Prepare-se para a emoção: o suspense espanhol da Netflix que vai fazer seu coração parar

Pedro Almodóvar é certamente o diretor espanhol mais célebre hoje, mas a produção de filmes provenientes dessa terra meio mágica incrustada na Península Ibérica ao longo do século 21 vai muito além dos excelentes “Dor e Glória” (2019) e “Mães Paralelas” (2022). Em “Abaixo de Zero” (2021), Lluís Quílez contribui para o gênero do suspense de terror, incorporando ao roteiro, coescrito com Fernando Navarro, elementos característicos dos dramas de Almodóvar. O argumento parece sem mistério, e é precisamente essa a surpresa que faz a história crescer.

Em Cuenca, nordeste da Espanha, dois policiais trabalham, tentando vencer os incômodos de uma noite de inverno rigoroso.
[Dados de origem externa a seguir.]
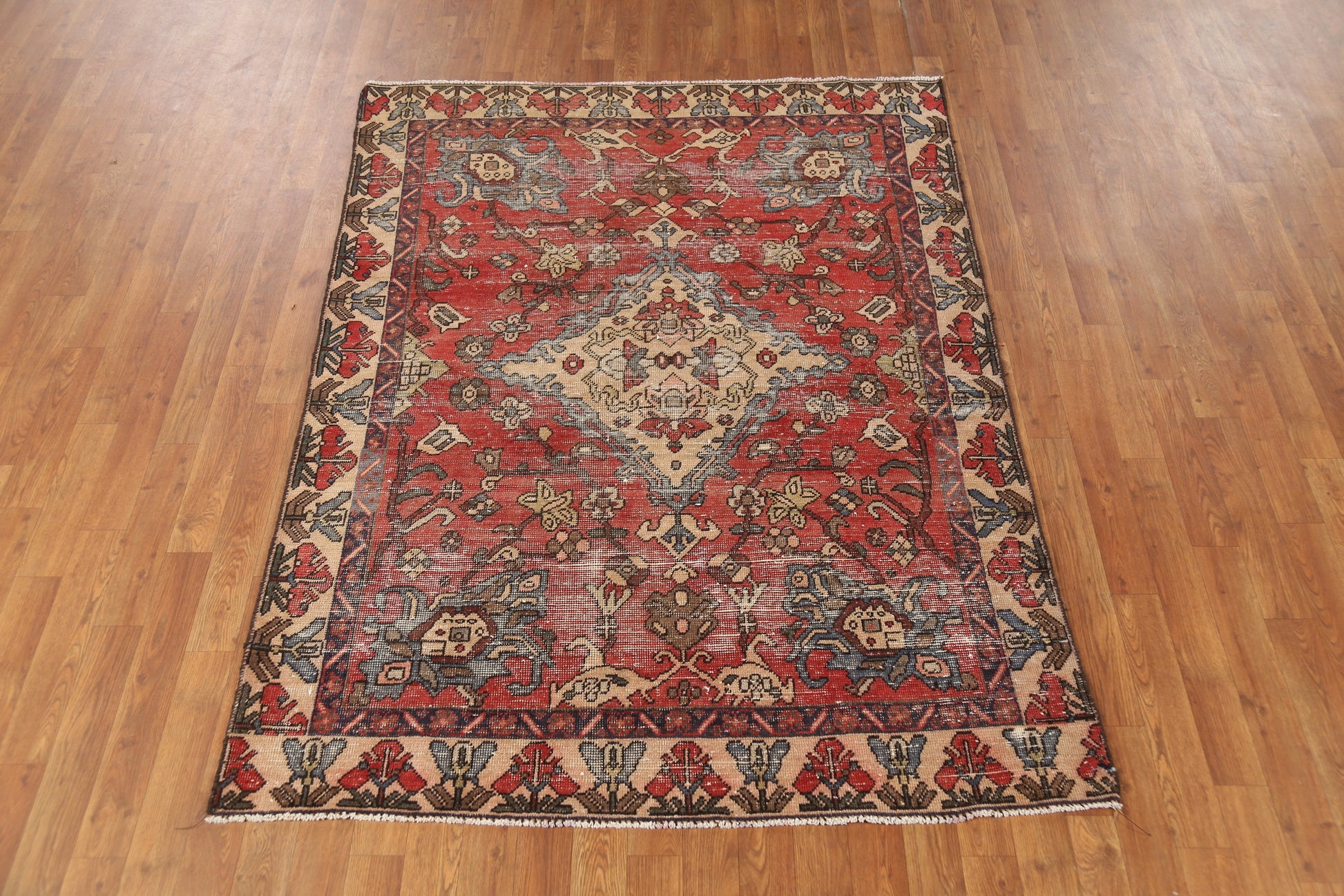 A Beautiful Genuine Persia ( Persia ) Bakhtiari rug is Hand Knotted by skillful weavers in Persia ( Persia ) with 100% Wool Material. This rug is in Very Good (Low Pile) condition. dimensions are 6' 2'' X 4' 7'' in foot and 188 X 140 in centimeter. the primary color is Oranges & Rust.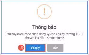 Bước 8 : Xác nhận “Đồng ý” để hoàn thành thao tác đăng ký nguyện vọng.

É o primeiro dia de trabalho de Martín, encarregado de dirigir o ônibus que transportará sete presos de alta periculosidade de uma penitenciária a outra, atividade aparentemente banal, como Montesinos, o colega escalado para acompanhá-lo, faz parecer. Já nas primeiras sequências do filme, é óbvio o antagonismo entre os personagens de Javier Gutiérrez — admirável como em “A Casa” (2020), levado à tela pelos irmãos Àlex e David Pastor, e “O Autor” (2017), de Manuel Martín Cuenca — e Isak Férriz. Enquanto Martín é um pai de família respeitável e amoroso, Férriz confere ao seu personagem o aspecto algo vilanesco de um homem que não vê impedimento ético em burlar regras, por mais inofensivas que sejam, como a que proíbe que agentes usem brincos quando em serviço, por exemplo. Como se verá não muito tempo depois, essa displicência moral de Montesinos será um empecilho a mais na já turbulenta jornada dos oito homens pela noite de gelo.

A viagem é feita à noite justamente por questões de segurança, mas as coisas começam a dar errado já na revista, quando todos os presos são submetidos a um exame minucioso, a fim de se evitar o tráfico de drogas e o porte de armas brancas. Ramis, do grande Luis Callejo, também é inspecionado, mas mesmo assim consegue passar com um pequeno artefato de metal, do qual se vale em um momento específico. Junto com Ramis seguem Nano, personagem de Patrick Criado; Rei, de Édgar Vittorino; o romeno Mihai, vivido por Florin Opritescu; Chino, interpretado por Àlex Monner; Golum, papel de Andrés Gertrúdix; e Pardo, do veterano Miquel Gelabert Bordoy, cada um cumprindo uma pena diferente, mais ou menos aviltante, e todas exigindo atenção redobrada de Martín e Montesinos. À medida que avançam pela estrada, invadida por um nevoeiro incessante e cada vez mais intenso, os nove homens aproximam-se juntos de um destino comum que os forçará a conciliar suas diferenças para terem alguma chance de permanecer vivos.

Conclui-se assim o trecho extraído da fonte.